→ **PROBLEM REQUIREMENTS**: Scan the records below for the line with "デザイナーも着けているエメラ" and the line with "Стеганая нейлоновая пуховая", and retype that range exactly, both ends included, pictures excepted.

→ **RECORDS SUPPLIED**:
-- Opening Marker --
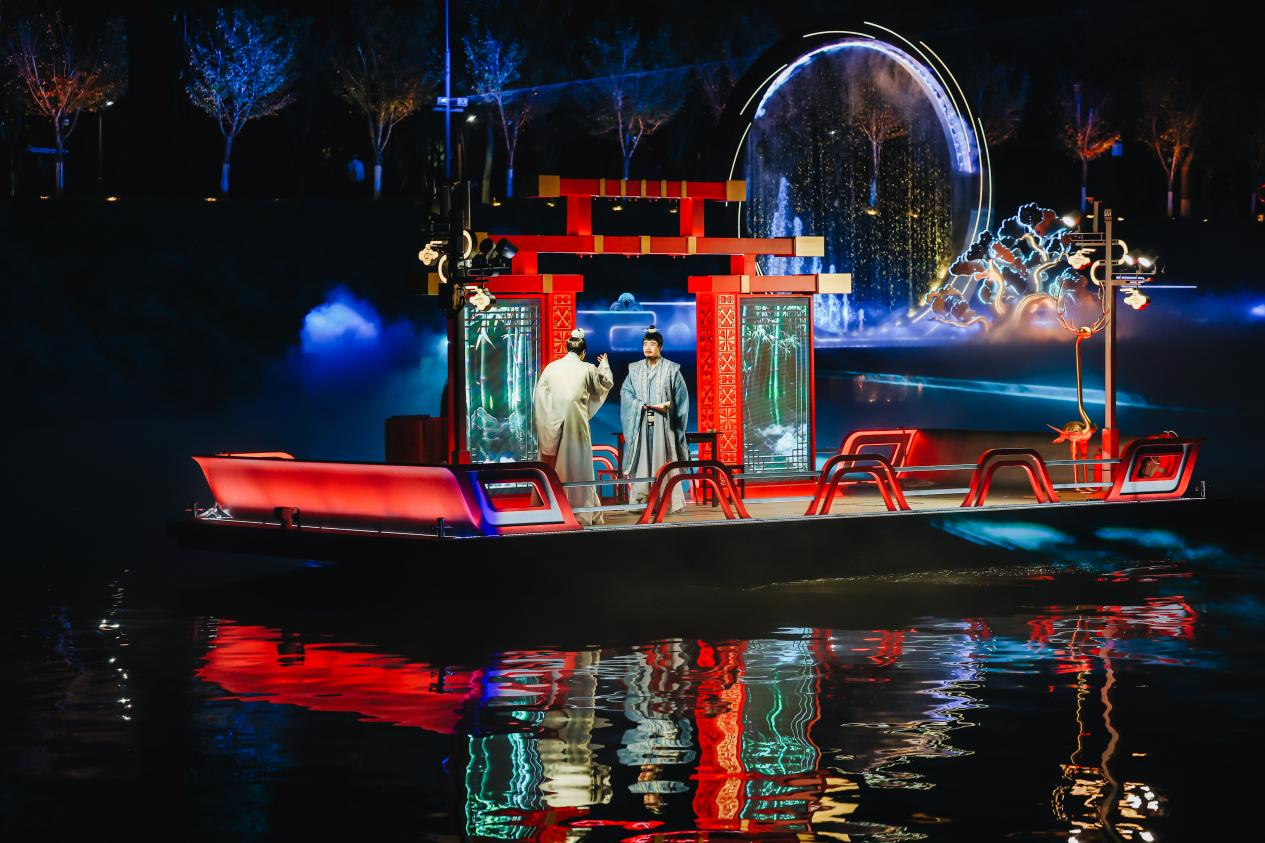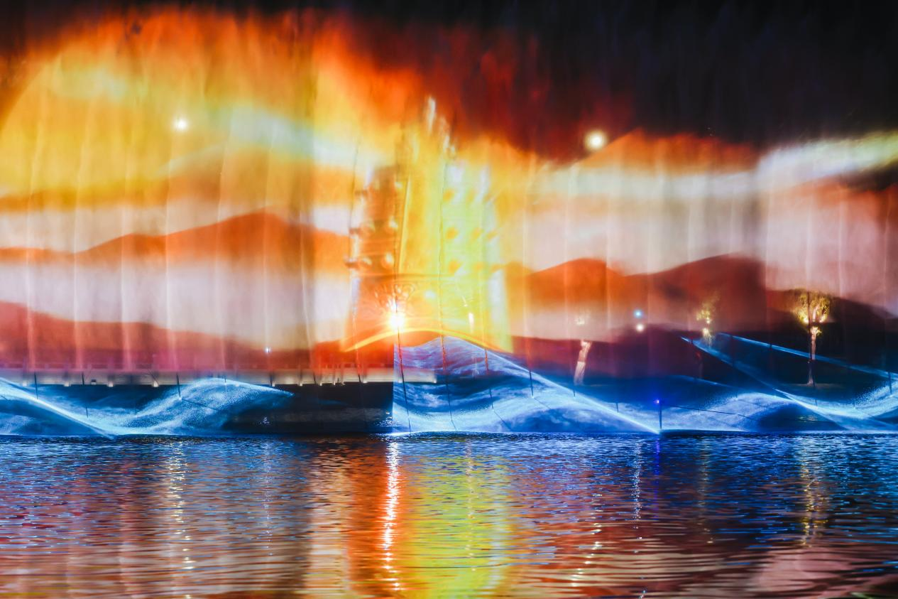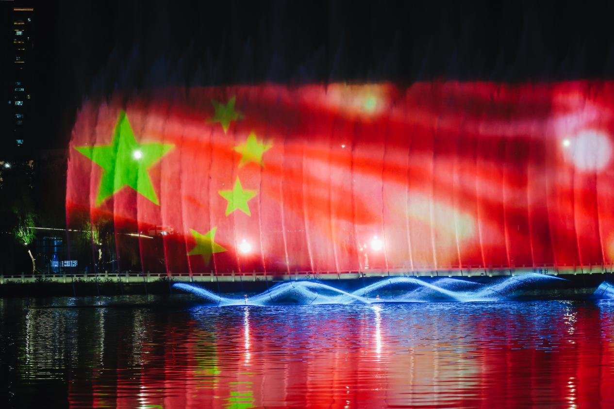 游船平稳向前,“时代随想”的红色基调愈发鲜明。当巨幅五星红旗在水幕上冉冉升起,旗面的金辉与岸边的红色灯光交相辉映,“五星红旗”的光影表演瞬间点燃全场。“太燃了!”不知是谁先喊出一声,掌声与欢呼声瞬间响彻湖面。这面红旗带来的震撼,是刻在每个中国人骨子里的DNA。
-- Closing Marker --
-- Opening Marker --
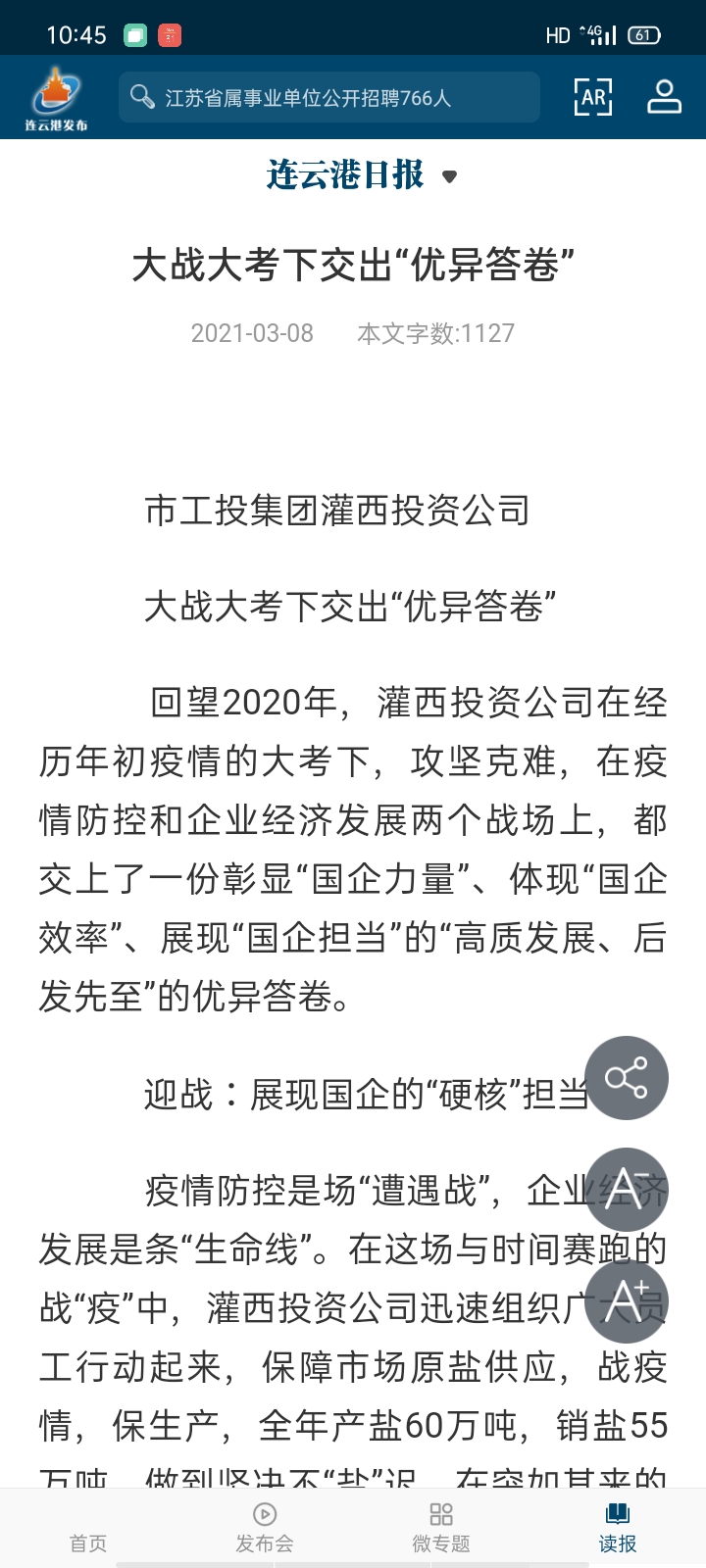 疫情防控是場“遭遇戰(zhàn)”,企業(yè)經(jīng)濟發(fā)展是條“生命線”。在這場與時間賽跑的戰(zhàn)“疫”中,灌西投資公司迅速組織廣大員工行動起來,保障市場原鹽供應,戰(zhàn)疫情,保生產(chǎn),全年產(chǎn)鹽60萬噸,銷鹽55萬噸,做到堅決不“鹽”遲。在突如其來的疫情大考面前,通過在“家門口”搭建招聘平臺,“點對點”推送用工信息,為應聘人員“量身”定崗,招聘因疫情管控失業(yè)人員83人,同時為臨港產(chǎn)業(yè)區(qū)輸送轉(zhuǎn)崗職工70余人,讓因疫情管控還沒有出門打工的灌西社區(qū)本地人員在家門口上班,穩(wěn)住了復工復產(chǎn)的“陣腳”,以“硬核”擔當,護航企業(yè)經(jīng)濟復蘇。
-- Closing Marker --
-- Opening Marker --
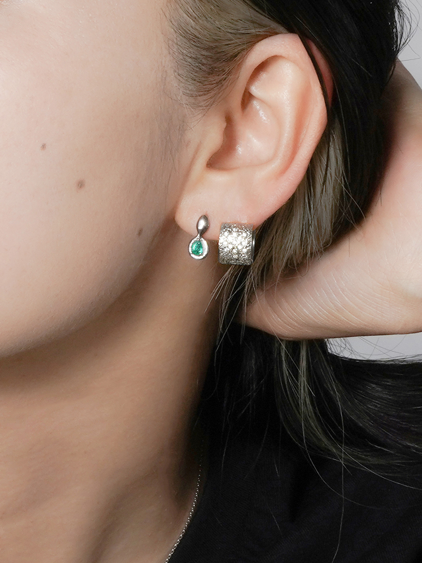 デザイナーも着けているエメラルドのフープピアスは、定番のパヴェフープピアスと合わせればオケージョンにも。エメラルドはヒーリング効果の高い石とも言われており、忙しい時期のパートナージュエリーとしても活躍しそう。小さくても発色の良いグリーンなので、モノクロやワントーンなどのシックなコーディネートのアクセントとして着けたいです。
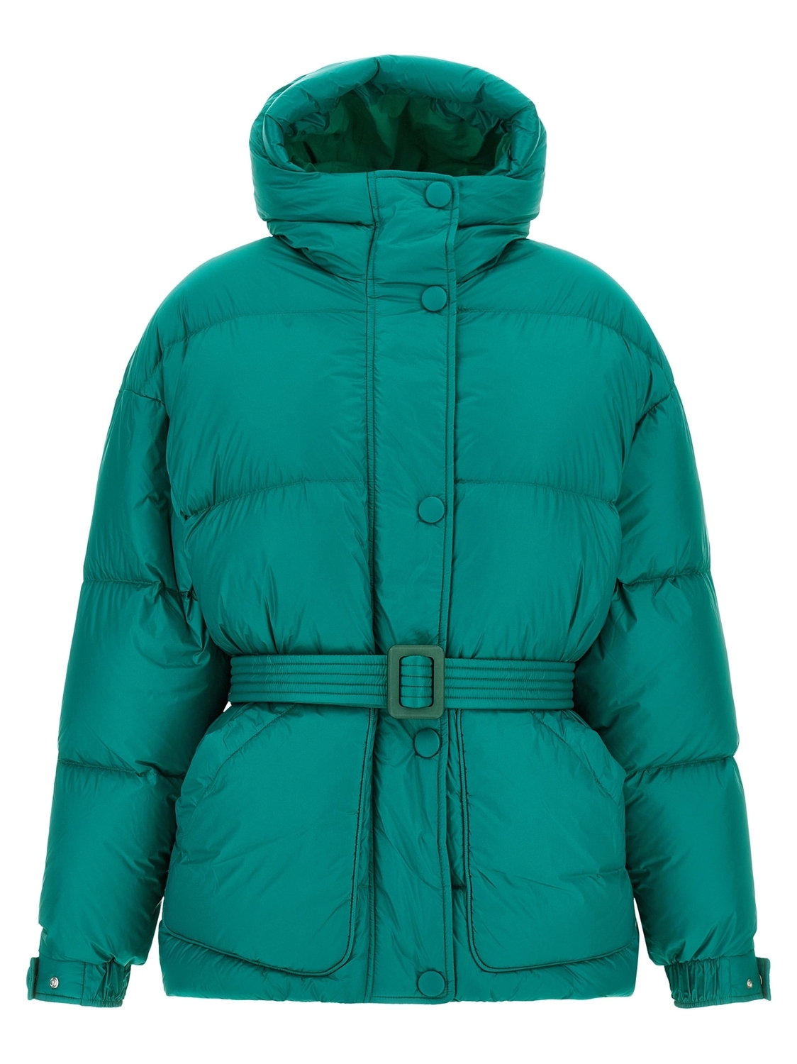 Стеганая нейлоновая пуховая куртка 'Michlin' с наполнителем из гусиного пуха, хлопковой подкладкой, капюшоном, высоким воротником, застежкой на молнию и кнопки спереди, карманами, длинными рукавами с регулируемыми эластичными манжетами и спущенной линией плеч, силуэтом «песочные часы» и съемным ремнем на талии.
-- Closing Marker --
→ **TASK SOLUTION**:
 デザイナーも着けているエメラルドのフープピアスは、定番のパヴェフープピアスと合わせればオケージョンにも。エメラルドはヒーリング効果の高い石とも言われており、忙しい時期のパートナージュエリーとしても活躍しそう。小さくても発色の良いグリーンなので、モノクロやワントーンなどのシックなコーディネートのアクセントとして着けたいです。
 Стеганая нейлоновая пуховая куртка 'Michlin' с наполнителем из гусиного пуха, хлопковой подкладкой, капюшоном, высоким воротником, застежкой на молнию и кнопки спереди, карманами, длинными рукавами с регулируемыми эластичными манжетами и спущенной линией плеч, силуэтом «песочные часы» и съемным ремнем на талии.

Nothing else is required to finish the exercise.